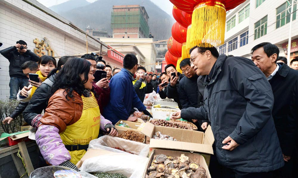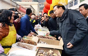 1月27日,李克强在陕西小河镇集市与一位摊主交谈。
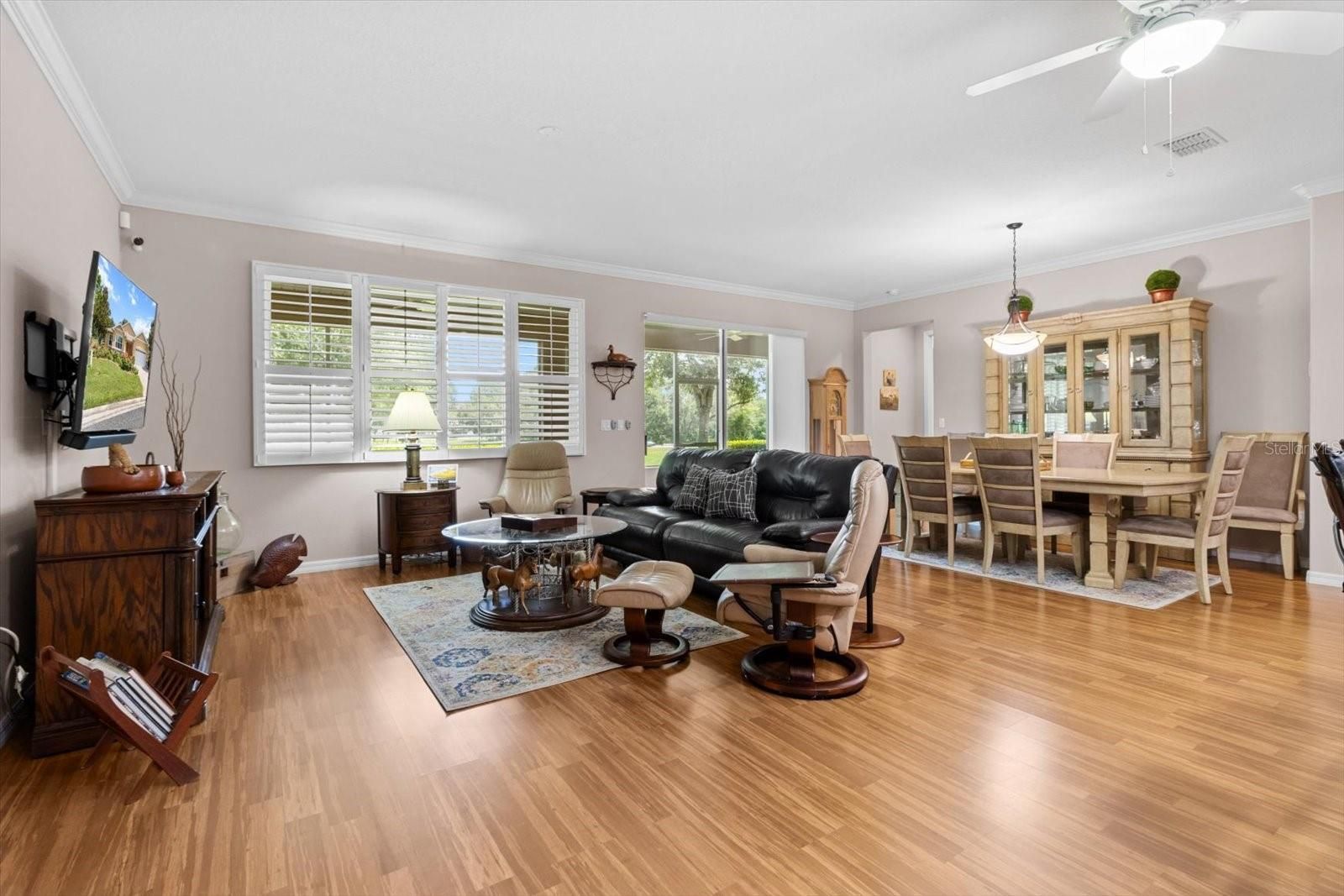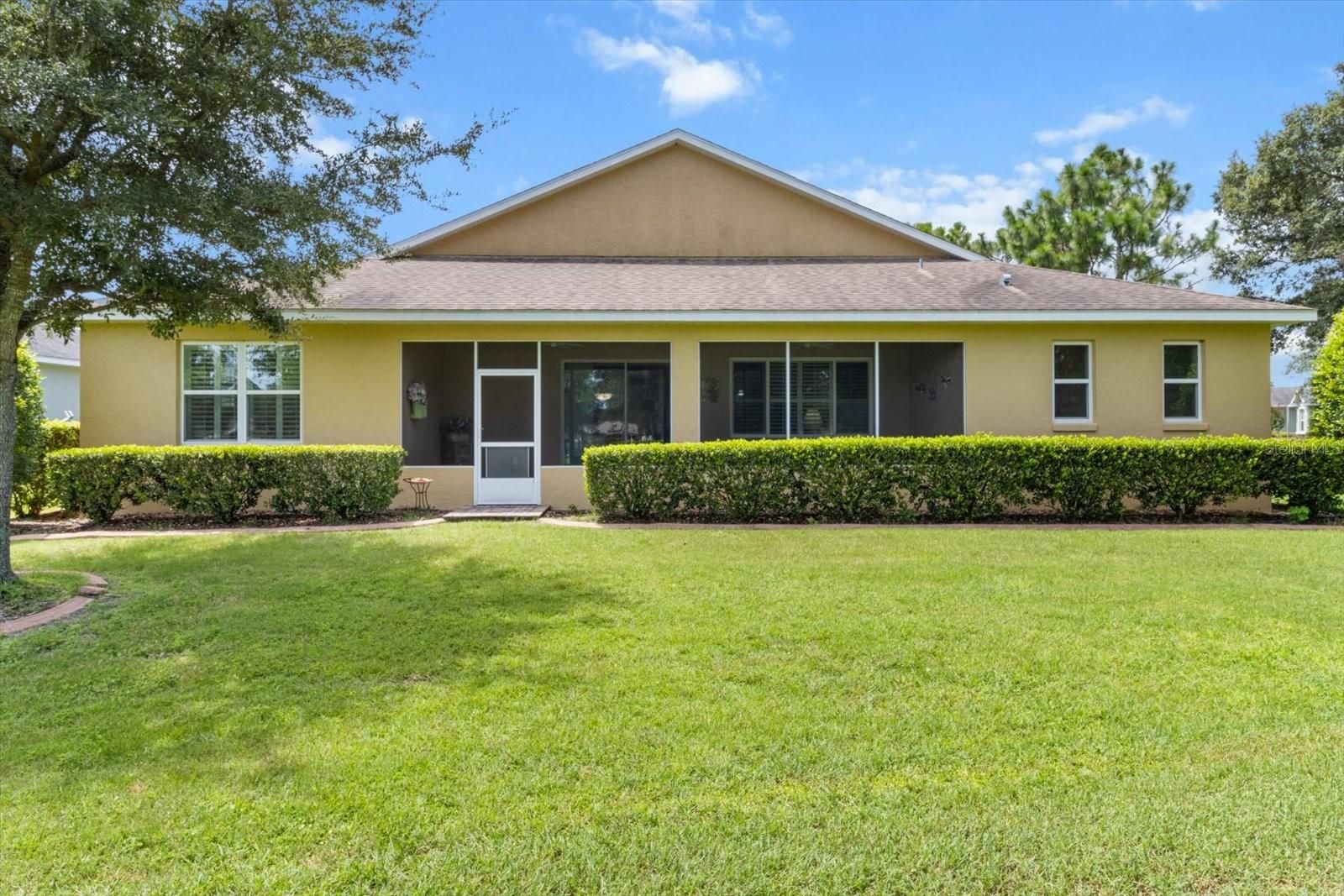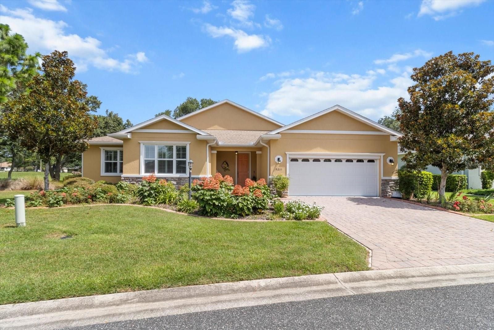 GOLF COURSE LIVING AT ITS FINEST! Located on the 18th tee box of the Tortoise and the Hare course in the highly sought-after Windsor East neighborhood of On Top of the World. This sophisticated Westminster (predecessor to the Willem) model offers elegance, space, and privacy. Situated on a premium corner lot with no neighbor to the left and a beautifully landscaped green space, this home boasts striking curb appeal with stone-accented exterior, full irrigation, and lush sod. Step inside to an open concept layout that's both stylish and functional. This 3-bedroom, 3-bath home features a smart 3-way split floorplan, with two ensuite bedrooms offering walk-in closets, ideal for guests or live-in family members. A spacious flex room provides options for a home office, library, or craft room. The gourmet kitchen is a chef's dream, with stainless steel appliances including a built-in oven and microwave, gas cooktop, dishwasher, and refrigerator. Staggered wood cabinets, solid surface countertops, a large pantry, and golf course views right from the kitchen make this space a true standout. Laminate flooring and crown molding run throughout the home, and classic plantation shutter blinds add timeless style. The private owner's entrance features a built-in drop zone, perfect for a coffee station or bar, leading through a spacious laundry room with abundant storage to the primary suite. Enjoy morning coffee in the enclosed courtyard just off the kitchen and flex room or unwind on the screened lanai with comfortable northern exposure and views of the fairway. Additional highlights include a new HVAC system installed in 2024, central vacuum system, and an oversized 2.5 car garage (nearly 700 sq ft) that easily accommodates large vehicles, a golf cart, or extra storage. Furniture is for separate purchase. Windsor East offers an active social calendar and a welcoming community- don't miss your opportunity to enjoy the lifestyle you've been dreaming of!
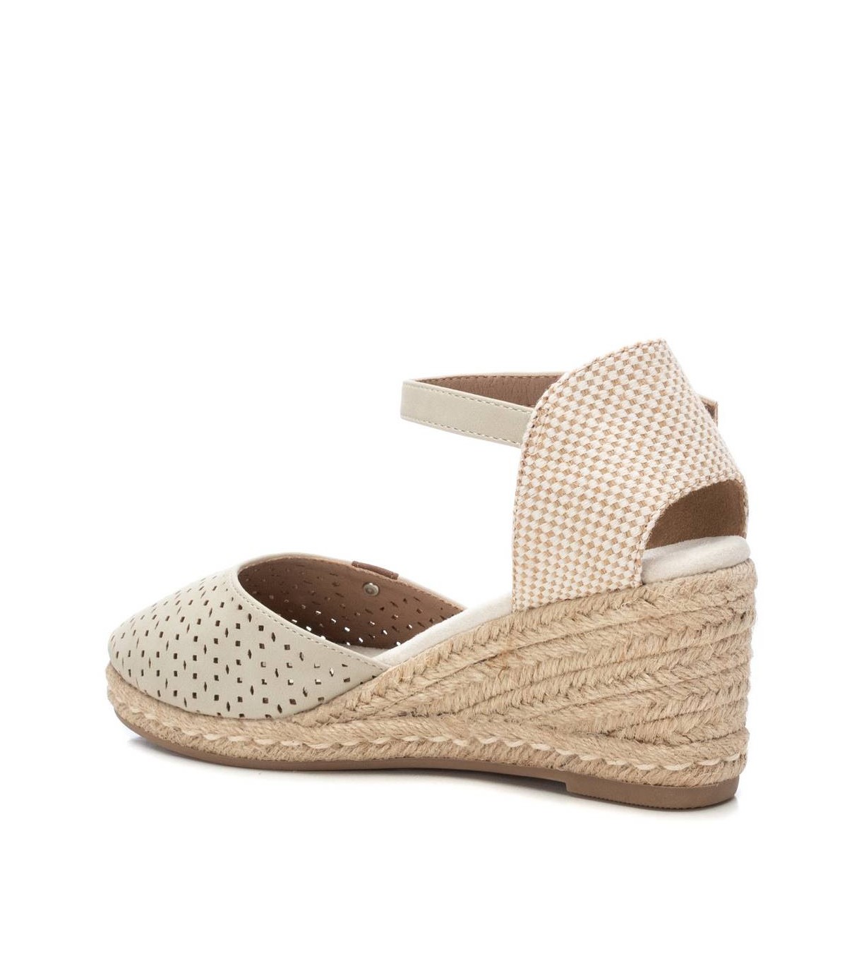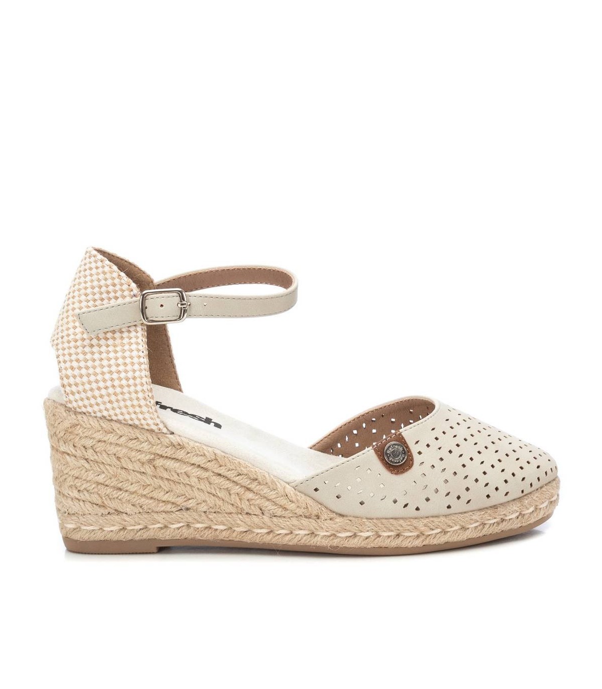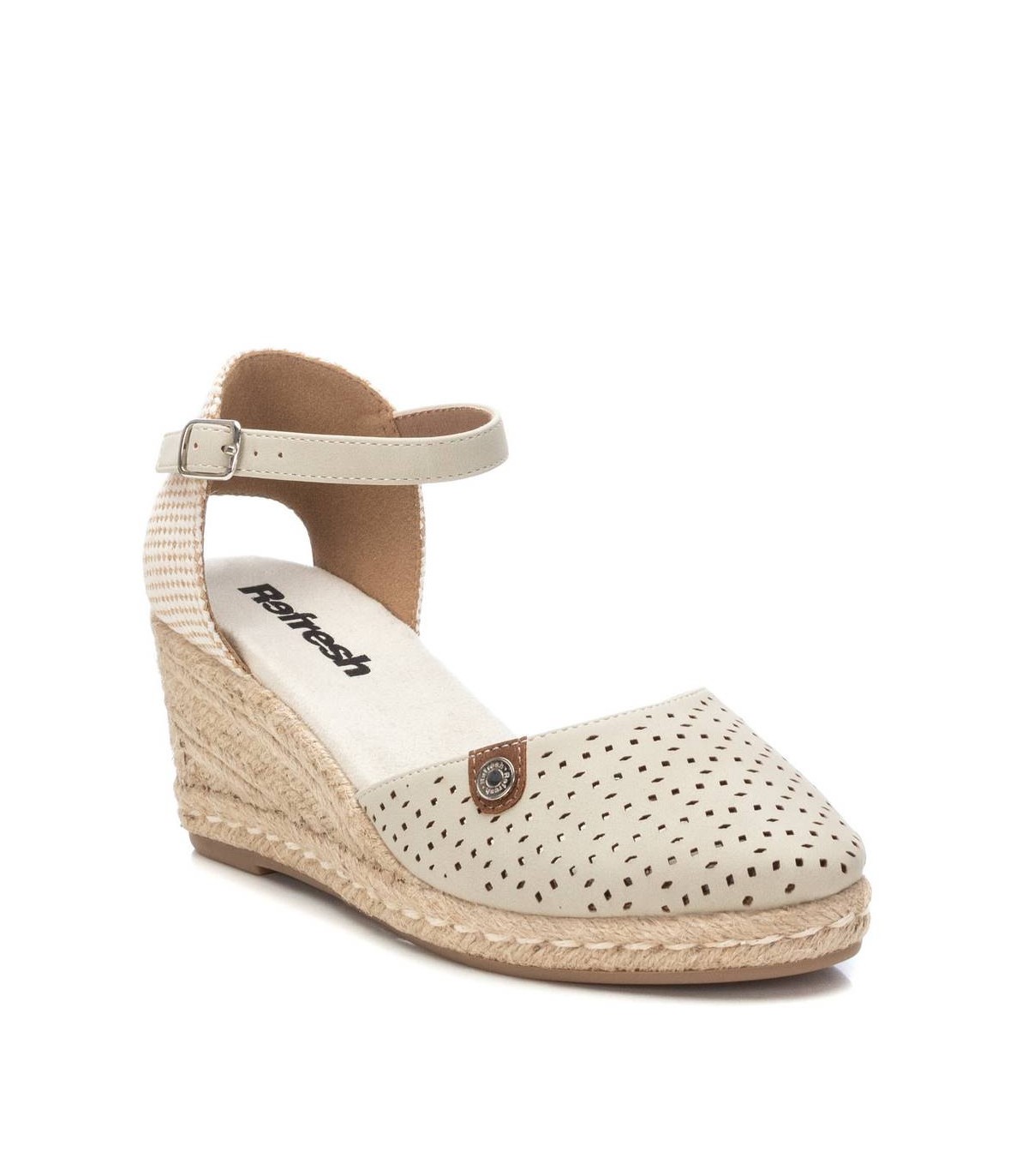 Alpargata tipo valenciana de mujer, de la marca Refresh. Fabricada en material que imita la piel con diseño troquelado. Pulsera al tobillo con hebilla. Cuña de 7 cm de yute y suela de goma antideslizante. Este modelo ha obtenido el certificado vegano por la organización mundial PETA (Organización de los derechos de los animales).
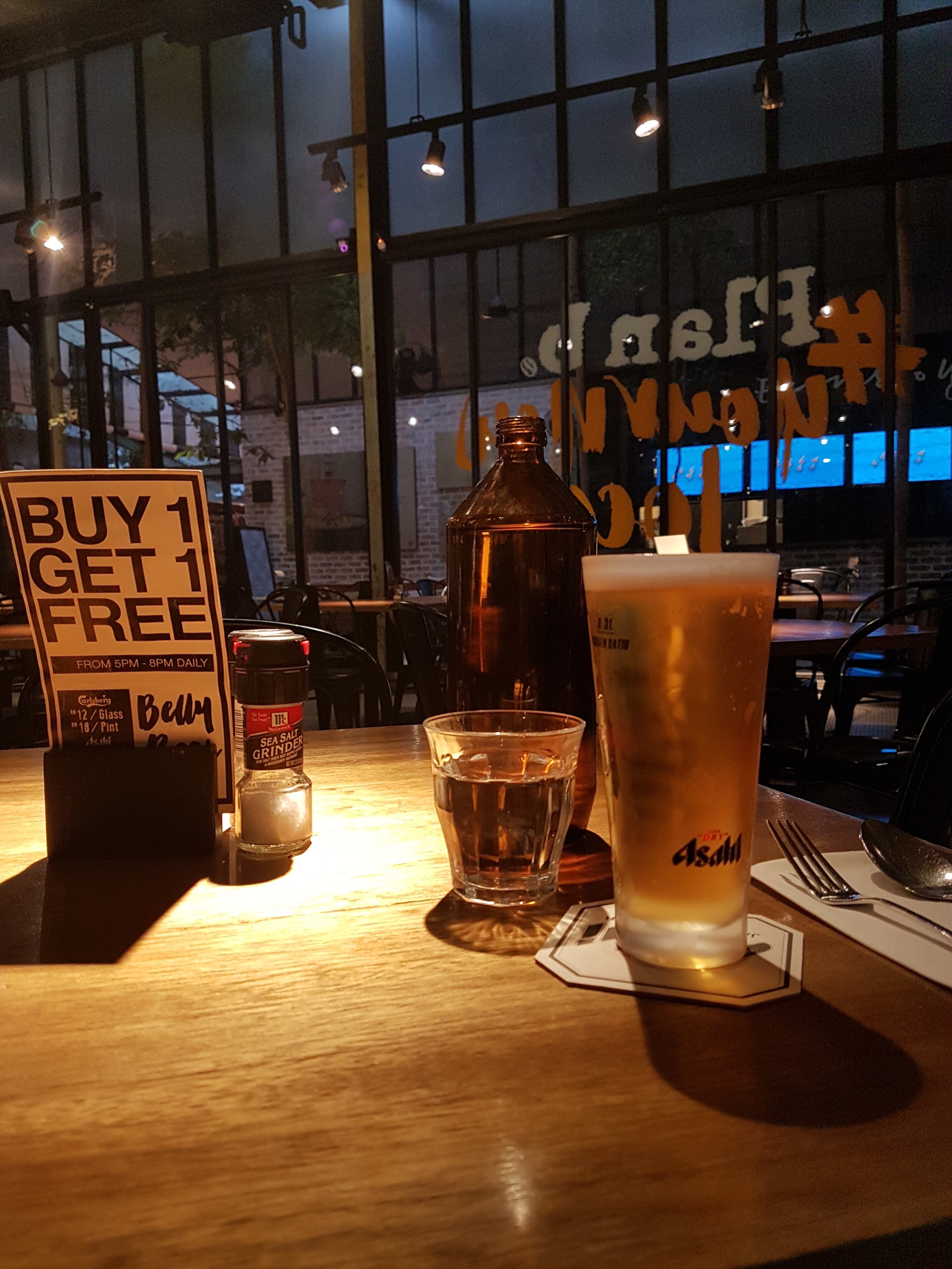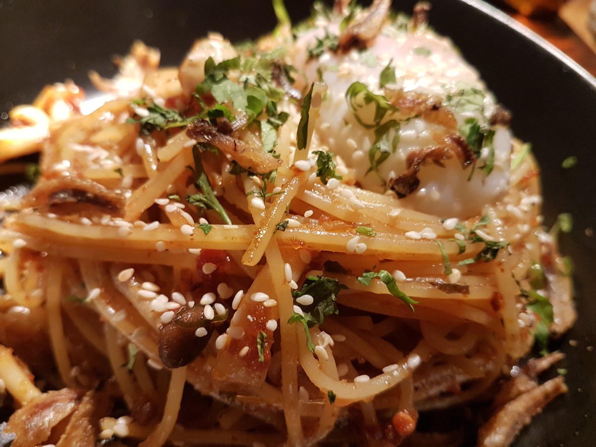 Asahi beer (“we have a buy one get one free promotion!” *looks reluctant* “oh..uh..really? Ok..”) and Malay fusion style spagliatelle (whatever that is) with shiitake mushrooms.

────────

_YOUR ASSIGNMENT_. Would you return the material above exactly, apart from its pictures?

_EXERCISE ANSWER_.
 1月27日,李克强在陕西小河镇集市与一位摊主交谈。
 GOLF COURSE LIVING AT ITS FINEST! Located on the 18th tee box of the Tortoise and the Hare course in the highly sought-after Windsor East neighborhood of On Top of the World. This sophisticated Westminster (predecessor to the Willem) model offers elegance, space, and privacy. Situated on a premium corner lot with no neighbor to the left and a beautifully landscaped green space, this home boasts striking curb appeal with stone-accented exterior, full irrigation, and lush sod. Step inside to an open concept layout that's both stylish and functional. This 3-bedroom, 3-bath home features a smart 3-way split floorplan, with two ensuite bedrooms offering walk-in closets, ideal for guests or live-in family members. A spacious flex room provides options for a home office, library, or craft room. The gourmet kitchen is a chef's dream, with stainless steel appliances including a built-in oven and microwave, gas cooktop, dishwasher, and refrigerator. Staggered wood cabinets, solid surface countertops, a large pantry, and golf course views right from the kitchen make this space a true standout. Laminate flooring and crown molding run throughout the home, and classic plantation shutter blinds add timeless style. The private owner's entrance features a built-in drop zone, perfect for a coffee station or bar, leading through a spacious laundry room with abundant storage to the primary suite. Enjoy morning coffee in the enclosed courtyard just off the kitchen and flex room or unwind on the screened lanai with comfortable northern exposure and views of the fairway. Additional highlights include a new HVAC system installed in 2024, central vacuum system, and an oversized 2.5 car garage (nearly 700 sq ft) that easily accommodates large vehicles, a golf cart, or extra storage. Furniture is for separate purchase. Windsor East offers an active social calendar and a welcoming community- don't miss your opportunity to enjoy the lifestyle you've been dreaming of!
 Alpargata tipo valenciana de mujer, de la marca Refresh. Fabricada en material que imita la piel con diseño troquelado. Pulsera al tobillo con hebilla. Cuña de 7 cm de yute y suela de goma antideslizante. Este modelo ha obtenido el certificado vegano por la organización mundial PETA (Organización de los derechos de los animales).
 Asahi beer (“we have a buy one get one free promotion!” *looks reluctant* “oh..uh..really? Ok..”) and Malay fusion style spagliatelle (whatever that is) with shiitake mushrooms.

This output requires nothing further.